Closed l3str4nge closed 4 years ago
Hi Mateusz,
That's exactly what I had in mind, searching for usernames that match the keywords from sources like:
1) LinkedIn (social_media/linkedin.py) 2) Instagram (social_media/instagram.py) 3) Facebook (social_media/facebook.py)
There are python libs to interact with these platforms. I have started working on Instagram, do you want to pick on any of the other two?
Sure!
Shout if you need anything
Hi Mateusz,
Social networks are well prepared for anti-scraping, therefore extensive searches might be blocked and blacklisted but also not effective.
For this, I'm thinking about applying the "Levenshtein Automaton". Meaning, given a word/keyword "w" and a distance "n", it generates all word permutations within that distance and saves to a list.
The openSquat will then check for each of the keywords of the list if there is an associated account, such as:
https://facebook.com/keyword https://linkedin.com/in/keyword https://instagram.com/keyword
Yeah, for me it's good idea. We need to create mechannism for automaton then create abstraction for social media for easily adding new platform in the future for example twitter.
Already i am during investigation about facebook lib for python.
If you already started working on Instagram i could implement automaton on prepare abstraction for social media.
Hello!
I’ve not done much on IG, I was doing more exploration work and see how can I effectively check if a user exists or not and I think I should be able to achieve this by today.
I’ve done reading about the Leven Automaton but I actually haven’t started coding.
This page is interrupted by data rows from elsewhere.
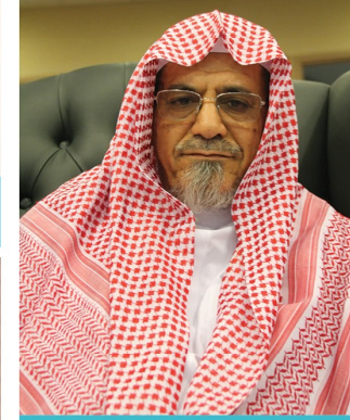
معالي الدكتور صالح بن عبدالله بن حميد
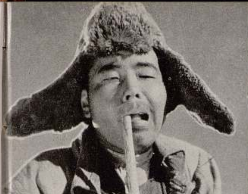
«Komsomol», de Joris Ivens.

cha como final de su obra. Sin embargo, no hay banquetes ni discursos inútiles. Por la noche, se celebra una gran manifestación y un gran mitin, en el que participan todos los trabajadores. Esto fue todo. Y, no obstante, cuando, unos meses más tarde, los komsomols de Moscú pudieron comprobar a través del film de Ivens el esfuerzo de sus camaradas, exclamaron unánimemente: «También nosotros queremos ir a trabajar a Magnitogorsk».
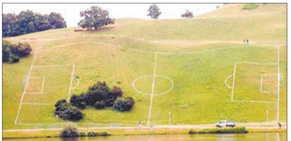
• Поле, русское поле...
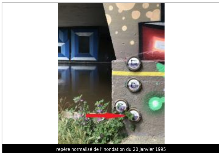
repère normalisé de l'inondation du 20 janvier 1995
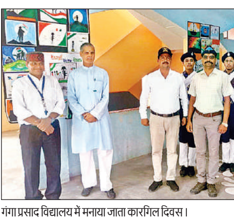
गंगा प्रसाद विद्यालय में मनाया जाता कारगिल दिवस।
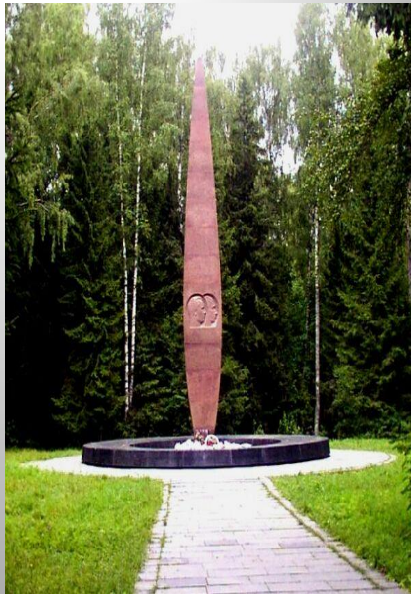
Обелиск на месте гибели лётчиков

27 марта 1968 погиб в авиакатастрофе на самолете УТИ МиГ-15 вместе с летчиком-испытателем, полковником В.С.Серегиным во время тренировочного полета.
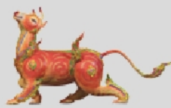
ไกรสรคาวี
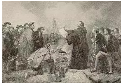
Lutero quemando la bula del Papa León X
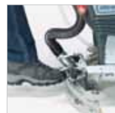
RA 505 IBC / RA 505 IBCT / RA 605 IBCT Saugfuss einfach zu bedienen.
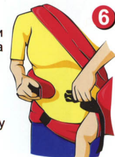
Рис. 6. Пристегните левую лямку в правый фастекс и отрегулируйте длину лямки так, чтобы было Вам удобно

Рис. 5. Возьмите левую лямку и оберните ее себе вокруг талии за спиной
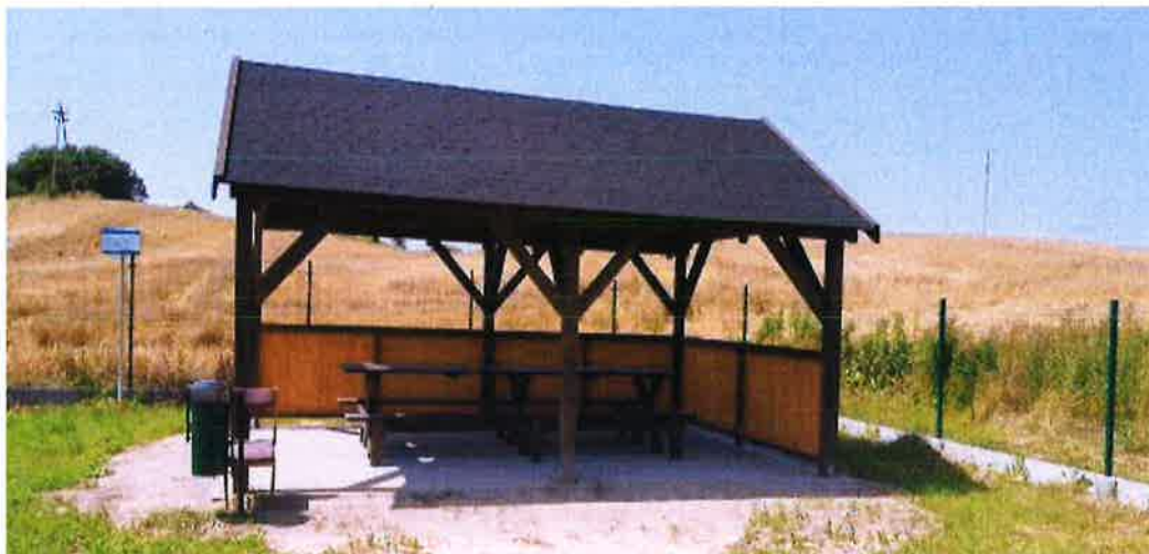
Zdjęcie nr 6 – Wiata w Nowej Wsi Ełckiej Szosa Bajtkowska

Na terenie gminy Ełk powstały nowe wiaty rekreacyjne, które służą jako miejsca spotkań, zebrań i integracji mieszkańców danej wsi. Takie wiaty powstały m.in. w miejscowości Nowa Wieś Ełcka – Szosa Bajtkowska i Sordachy. Wiata w Nowej Wsi Ełckiej – Szosa Bajtkowska powstała dzięki dotacji z budżetu Powiatu Ełckiego oraz w ramach realizacji funduszu sołeckiego.
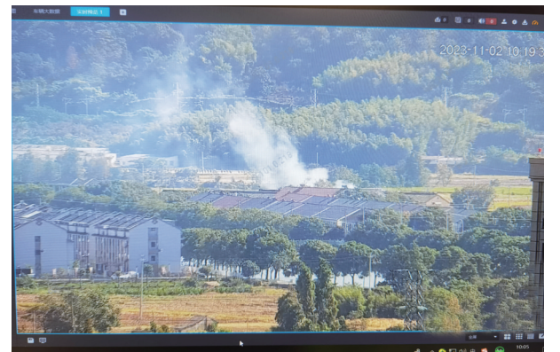
运用大数据实现秸秆焚烧智能巡查

疏堵结合,织密秸秆禁烧网。强化“人防+技防”支撑,各属地中队从单纯依靠执法队员车巡转变为同时运用大数据以及高空瞭望系统进行智能巡查,第一时间对秸秆焚烧行为作出执法响应。增强应急处置能力,各属地中队通过配备洒水壶、水桶、铁锹等基础灭火设备,提升现场处置效率。针对我区焚烧的违法主体多为年纪大、法律意识薄弱的农户,焚烧物又多为零星农作物、草木灰堆等,存在规模小、点位多、危害程度较小的特点,区综合执法局采取以“教育为主、处罚为辅”的手段,确保将危害消除在萌芽阶段。截至目前,现场教育劝导处置600余起。

Finding a Python-lib will probably be the fastest way to get this going.
But for long strings (e.g Facebook) getting all the permutations even on a distance of 1 edit might be too exhausting, therefore to keep the algorithm simple and without being blocked by social networks, I’m thinking of only do permutations with the vowels (a e i o u) and they usually are more susceptible to being exploited by fraudsters.
I’m still thinking how to solve it.
I want to make openSquat doesn't violate any service policy:
"We prohibit crawling, scraping, caching or otherwise accessing any content on the Service via automated means, including but not limited to, user profiles and photos (except as may be the result of standard search engine protocols or technologies used by a search engine with Instagram's express consent)."
In this particular case, I don't think we are doing "automated means", meaning the user will always have to manually conduct the queries.
@mateuszz0000
I have not been coding as I've been sick (serious shoulder problem), however, I'm back! My Instagram code does not work anymore (website changes) so thankfully I have not pushed the changes to master.
Hello, I have question about roadmap issue regarding social media squatting. I could work on this but I need some tips for that :) How can we detect social media squatting? The only thing that comes to my mind is somehow detect usernames just like domains.